Activity: Shown below is a listing with pictures; reproduce exactly, and only, the lines between the ones containing "Elevate your wardrobe" and "The investigations showed", inclusive, leaving the pictures out.

##### Data in this exercise #####

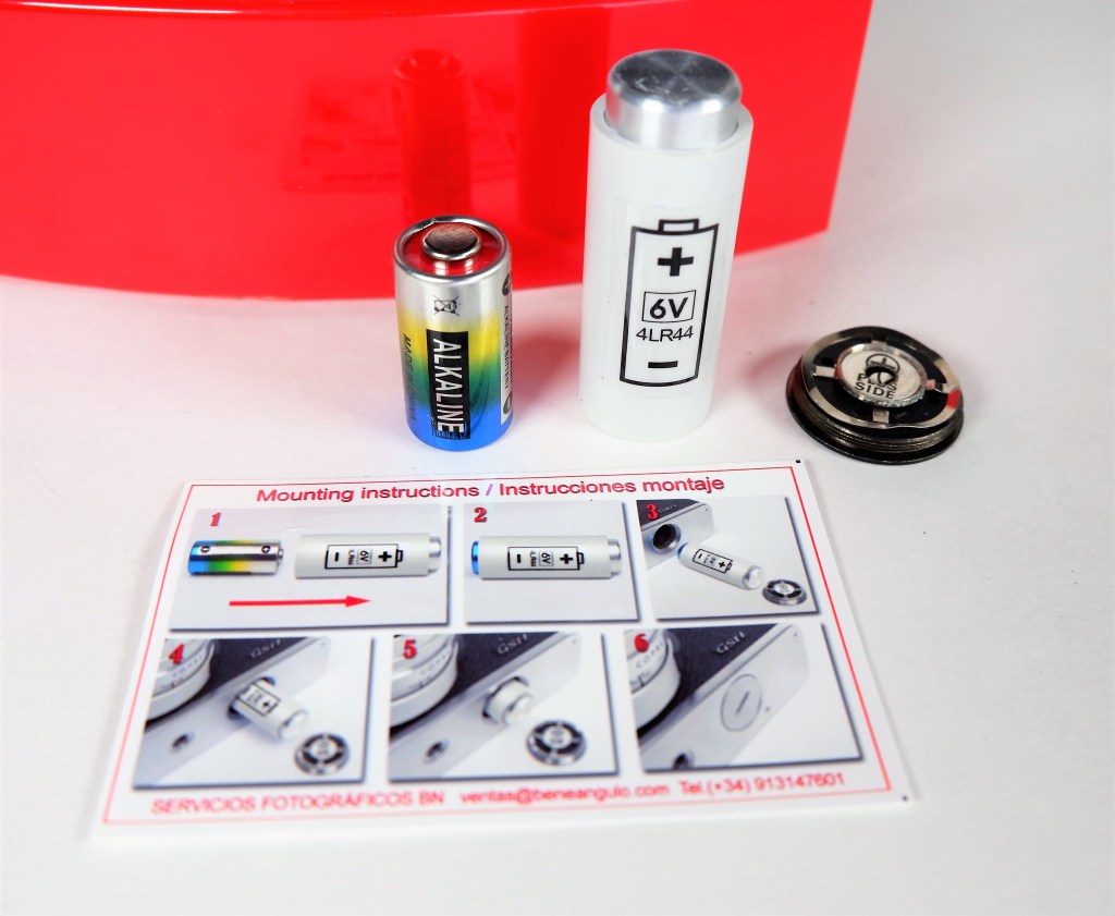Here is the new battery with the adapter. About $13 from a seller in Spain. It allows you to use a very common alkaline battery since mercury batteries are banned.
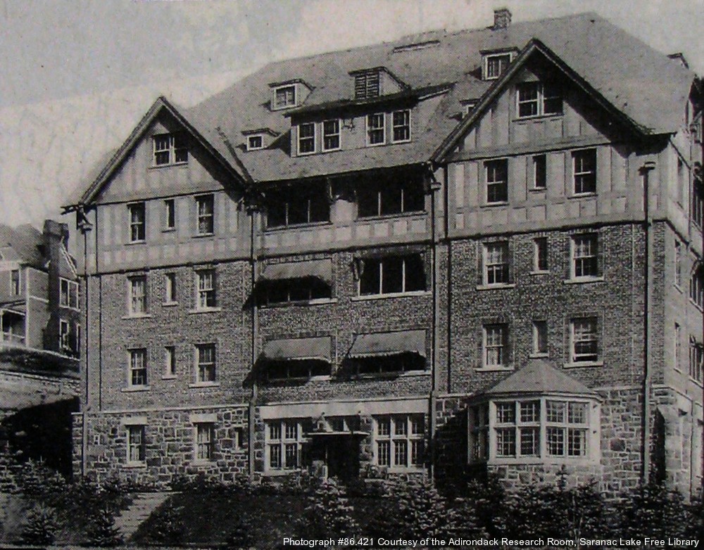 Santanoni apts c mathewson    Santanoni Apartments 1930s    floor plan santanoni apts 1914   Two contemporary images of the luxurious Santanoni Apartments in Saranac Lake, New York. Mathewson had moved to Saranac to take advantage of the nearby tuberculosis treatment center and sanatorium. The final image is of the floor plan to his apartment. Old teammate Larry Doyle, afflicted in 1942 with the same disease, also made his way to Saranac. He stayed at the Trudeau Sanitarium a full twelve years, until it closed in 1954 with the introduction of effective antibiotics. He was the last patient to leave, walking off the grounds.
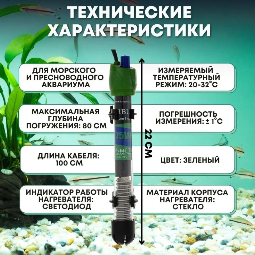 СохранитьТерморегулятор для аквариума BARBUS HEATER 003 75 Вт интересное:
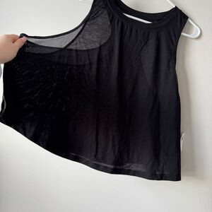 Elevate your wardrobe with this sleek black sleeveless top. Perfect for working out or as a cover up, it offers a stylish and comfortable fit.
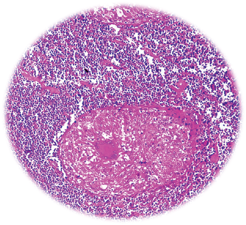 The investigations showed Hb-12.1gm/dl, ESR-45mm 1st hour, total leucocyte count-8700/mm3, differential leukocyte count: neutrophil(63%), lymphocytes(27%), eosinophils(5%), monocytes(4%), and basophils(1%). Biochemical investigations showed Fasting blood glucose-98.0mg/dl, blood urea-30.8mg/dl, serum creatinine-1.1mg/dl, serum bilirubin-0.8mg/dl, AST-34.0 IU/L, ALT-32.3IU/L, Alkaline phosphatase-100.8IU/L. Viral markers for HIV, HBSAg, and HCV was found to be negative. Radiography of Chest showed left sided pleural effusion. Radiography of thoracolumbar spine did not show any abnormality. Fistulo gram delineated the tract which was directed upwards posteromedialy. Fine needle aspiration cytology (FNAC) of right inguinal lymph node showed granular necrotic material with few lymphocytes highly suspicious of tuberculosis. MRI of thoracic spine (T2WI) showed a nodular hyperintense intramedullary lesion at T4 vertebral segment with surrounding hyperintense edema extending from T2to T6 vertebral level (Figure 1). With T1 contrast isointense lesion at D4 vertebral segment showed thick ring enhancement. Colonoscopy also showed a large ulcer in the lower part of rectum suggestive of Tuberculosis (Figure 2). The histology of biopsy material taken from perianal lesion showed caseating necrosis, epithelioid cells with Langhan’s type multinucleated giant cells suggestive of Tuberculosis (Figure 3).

#####
##### Data in this exercise #####

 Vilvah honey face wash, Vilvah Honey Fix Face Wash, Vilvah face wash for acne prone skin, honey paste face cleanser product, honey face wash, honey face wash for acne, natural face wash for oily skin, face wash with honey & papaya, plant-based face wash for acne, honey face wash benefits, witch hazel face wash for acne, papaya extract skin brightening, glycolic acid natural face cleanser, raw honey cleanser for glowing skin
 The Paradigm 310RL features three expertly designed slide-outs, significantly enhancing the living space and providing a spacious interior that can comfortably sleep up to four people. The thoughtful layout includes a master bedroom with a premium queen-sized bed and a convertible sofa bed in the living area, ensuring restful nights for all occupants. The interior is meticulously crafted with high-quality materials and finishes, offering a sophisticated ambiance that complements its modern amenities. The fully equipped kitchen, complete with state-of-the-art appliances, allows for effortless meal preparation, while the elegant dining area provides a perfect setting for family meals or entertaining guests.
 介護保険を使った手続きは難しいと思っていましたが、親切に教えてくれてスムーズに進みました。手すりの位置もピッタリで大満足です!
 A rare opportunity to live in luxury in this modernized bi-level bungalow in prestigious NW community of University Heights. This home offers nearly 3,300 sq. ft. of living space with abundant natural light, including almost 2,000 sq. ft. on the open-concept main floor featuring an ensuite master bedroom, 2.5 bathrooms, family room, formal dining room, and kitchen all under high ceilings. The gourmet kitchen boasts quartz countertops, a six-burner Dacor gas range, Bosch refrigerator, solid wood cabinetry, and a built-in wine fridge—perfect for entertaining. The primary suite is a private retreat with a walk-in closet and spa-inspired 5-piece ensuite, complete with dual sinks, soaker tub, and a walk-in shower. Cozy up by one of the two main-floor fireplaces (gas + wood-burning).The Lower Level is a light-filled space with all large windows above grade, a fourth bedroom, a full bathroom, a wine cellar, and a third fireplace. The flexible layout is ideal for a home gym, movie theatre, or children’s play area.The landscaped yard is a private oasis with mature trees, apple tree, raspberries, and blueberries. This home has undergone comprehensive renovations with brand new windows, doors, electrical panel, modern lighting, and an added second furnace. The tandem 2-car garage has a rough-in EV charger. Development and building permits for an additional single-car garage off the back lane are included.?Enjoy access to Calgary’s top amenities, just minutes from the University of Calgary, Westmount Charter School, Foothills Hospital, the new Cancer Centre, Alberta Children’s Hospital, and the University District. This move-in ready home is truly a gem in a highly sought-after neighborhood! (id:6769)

#####

Task result:
 Elevate your wardrobe with this sleek black sleeveless top. Perfect for working out or as a cover up, it offers a stylish and comfortable fit.
 The investigations showed Hb-12.1gm/dl, ESR-45mm 1st hour, total leucocyte count-8700/mm3, differential leukocyte count: neutrophil(63%), lymphocytes(27%), eosinophils(5%), monocytes(4%), and basophils(1%). Biochemical investigations showed Fasting blood glucose-98.0mg/dl, blood urea-30.8mg/dl, serum creatinine-1.1mg/dl, serum bilirubin-0.8mg/dl, AST-34.0 IU/L, ALT-32.3IU/L, Alkaline phosphatase-100.8IU/L. Viral markers for HIV, HBSAg, and HCV was found to be negative. Radiography of Chest showed left sided pleural effusion. Radiography of thoracolumbar spine did not show any abnormality. Fistulo gram delineated the tract which was directed upwards posteromedialy. Fine needle aspiration cytology (FNAC) of right inguinal lymph node showed granular necrotic material with few lymphocytes highly suspicious of tuberculosis. MRI of thoracic spine (T2WI) showed a nodular hyperintense intramedullary lesion at T4 vertebral segment with surrounding hyperintense edema extending from T2to T6 vertebral level (Figure 1). With T1 contrast isointense lesion at D4 vertebral segment showed thick ring enhancement. Colonoscopy also showed a large ulcer in the lower part of rectum suggestive of Tuberculosis (Figure 2). The histology of biopsy material taken from perianal lesion showed caseating necrosis, epithelioid cells with Langhan’s type multinucleated giant cells suggestive of Tuberculosis (Figure 3).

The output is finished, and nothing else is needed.